## TASK
Below are some records; quote exactly the lines from the one that contains "1329 Claudia 1.5" through the one that contains "アーノルドパーマー レインブーツ レディース", inclusive, and no others.

## EXERCISE INPUT
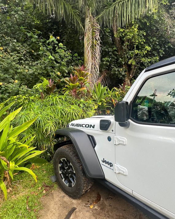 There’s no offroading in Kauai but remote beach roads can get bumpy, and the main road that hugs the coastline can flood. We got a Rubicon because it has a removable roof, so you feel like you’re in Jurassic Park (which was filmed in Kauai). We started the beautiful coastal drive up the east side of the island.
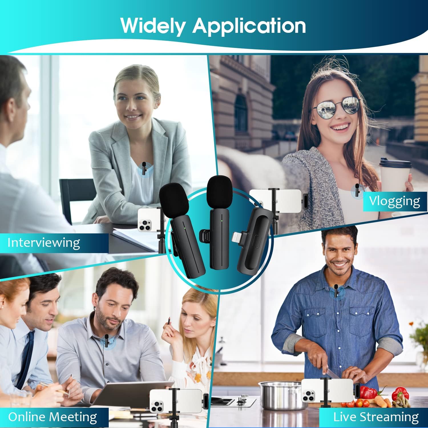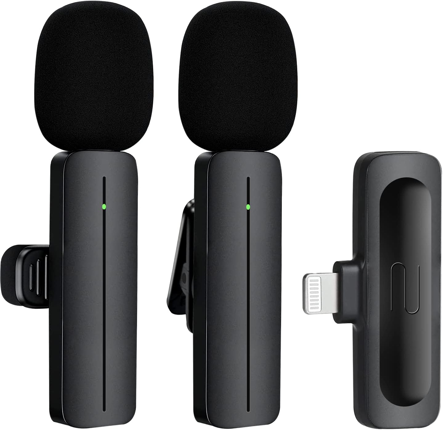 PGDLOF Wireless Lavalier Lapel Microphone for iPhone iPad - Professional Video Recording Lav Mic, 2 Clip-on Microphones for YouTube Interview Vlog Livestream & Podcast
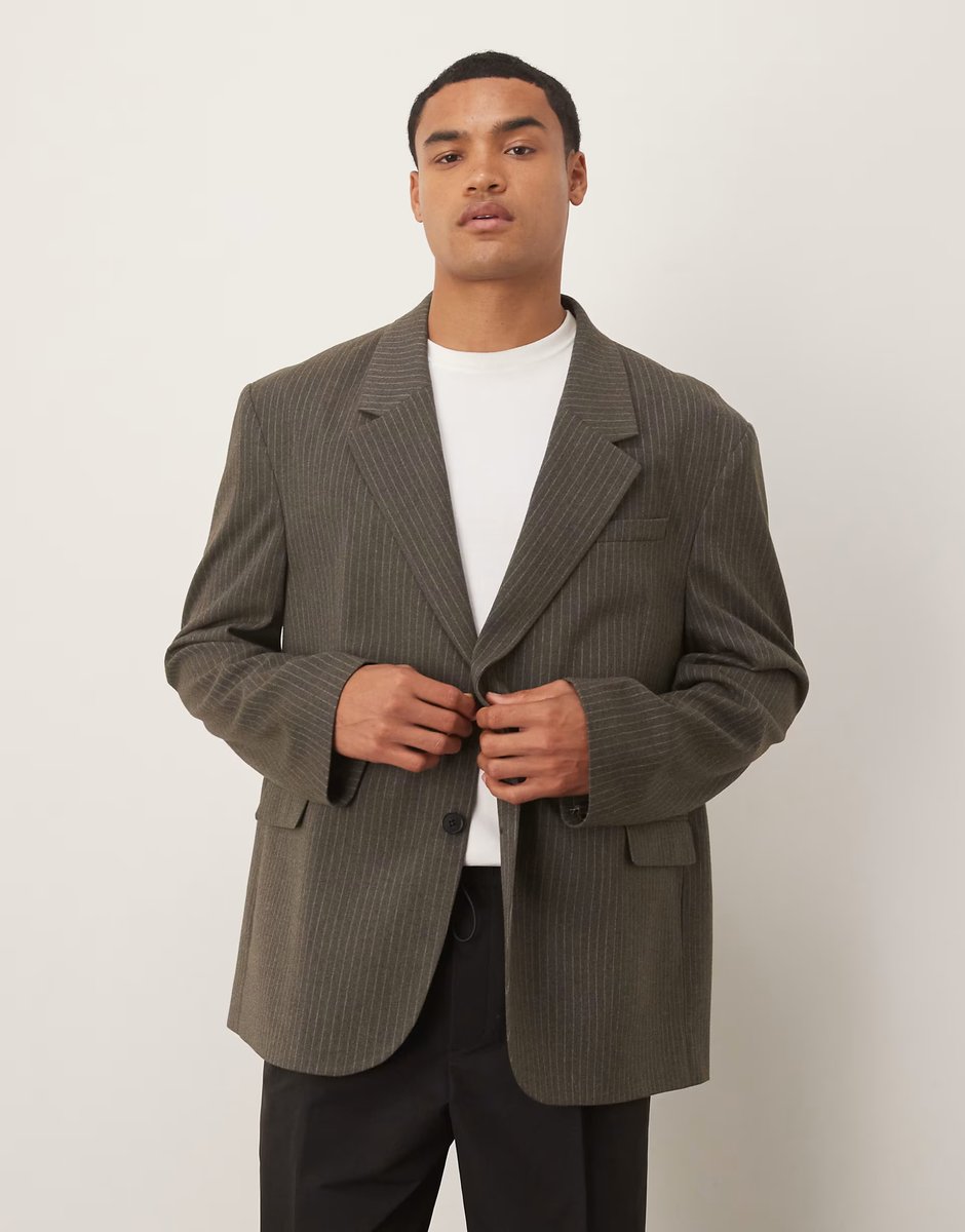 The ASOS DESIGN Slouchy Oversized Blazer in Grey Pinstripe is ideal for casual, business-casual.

---

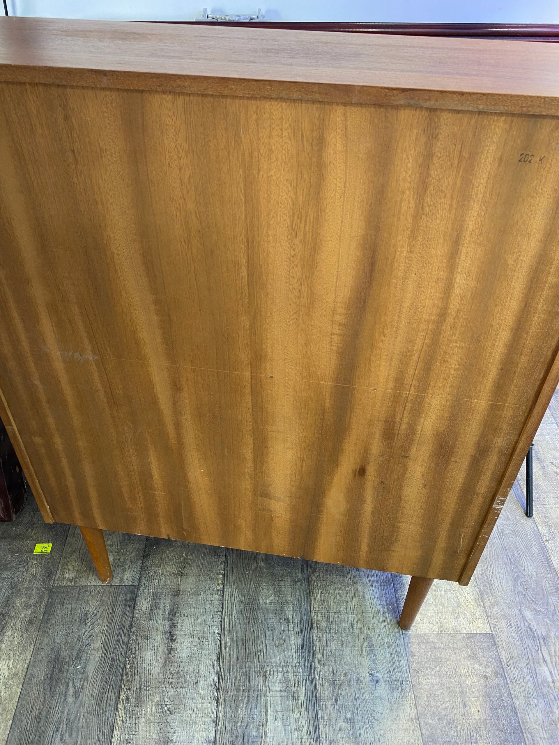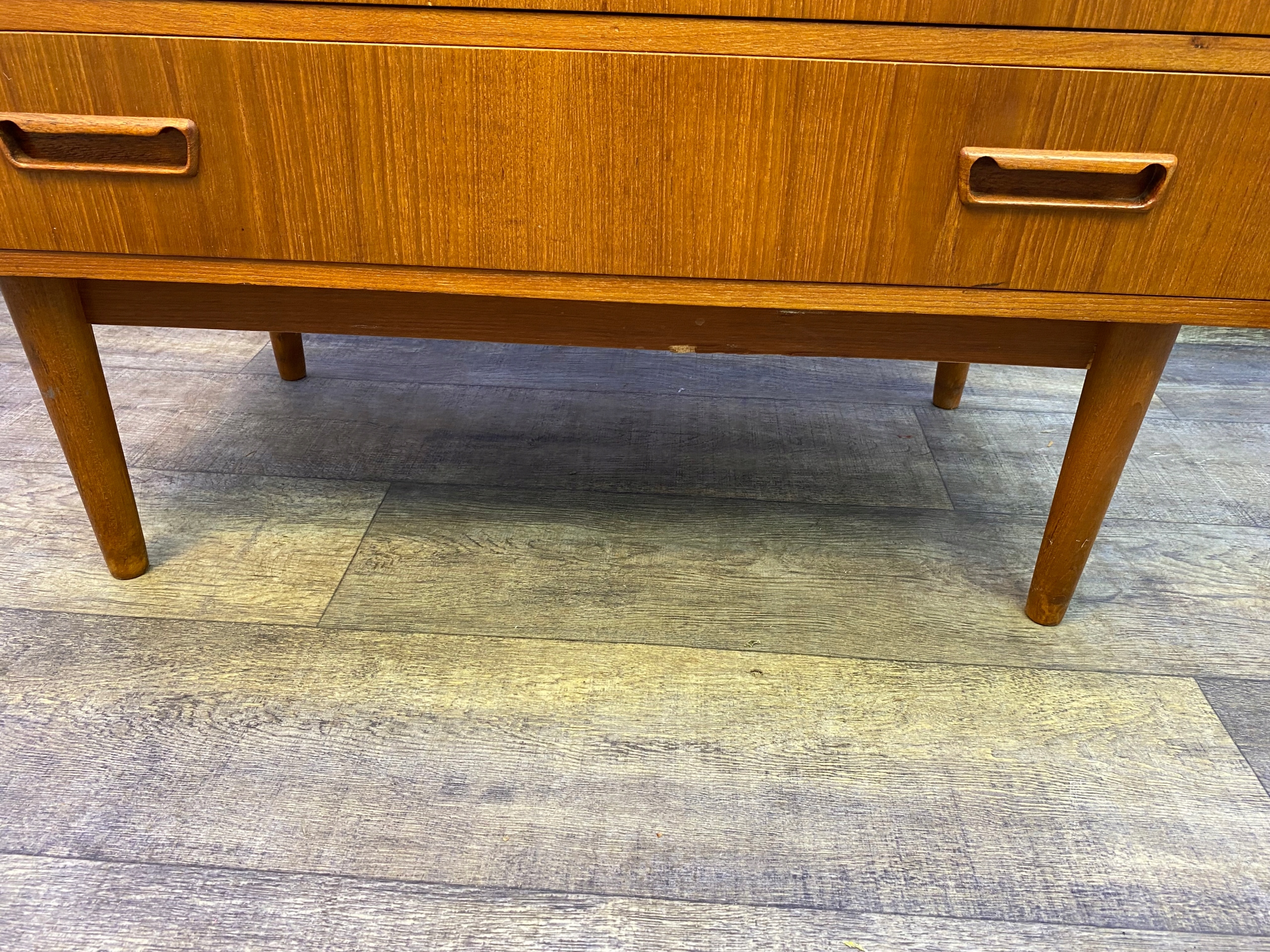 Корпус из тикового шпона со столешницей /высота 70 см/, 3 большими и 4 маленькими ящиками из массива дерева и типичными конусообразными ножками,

---

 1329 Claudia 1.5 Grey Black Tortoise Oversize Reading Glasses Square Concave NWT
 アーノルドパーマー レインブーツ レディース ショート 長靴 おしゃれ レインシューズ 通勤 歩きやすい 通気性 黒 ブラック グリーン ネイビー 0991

## TASK OUTPUT
 1329 Claudia 1.5 Grey Black Tortoise Oversize Reading Glasses Square Concave NWT
 アーノルドパーマー レインブーツ レディース ショート 長靴 おしゃれ レインシューズ 通勤 歩きやすい 通気性 黒 ブラック グリーン ネイビー 0991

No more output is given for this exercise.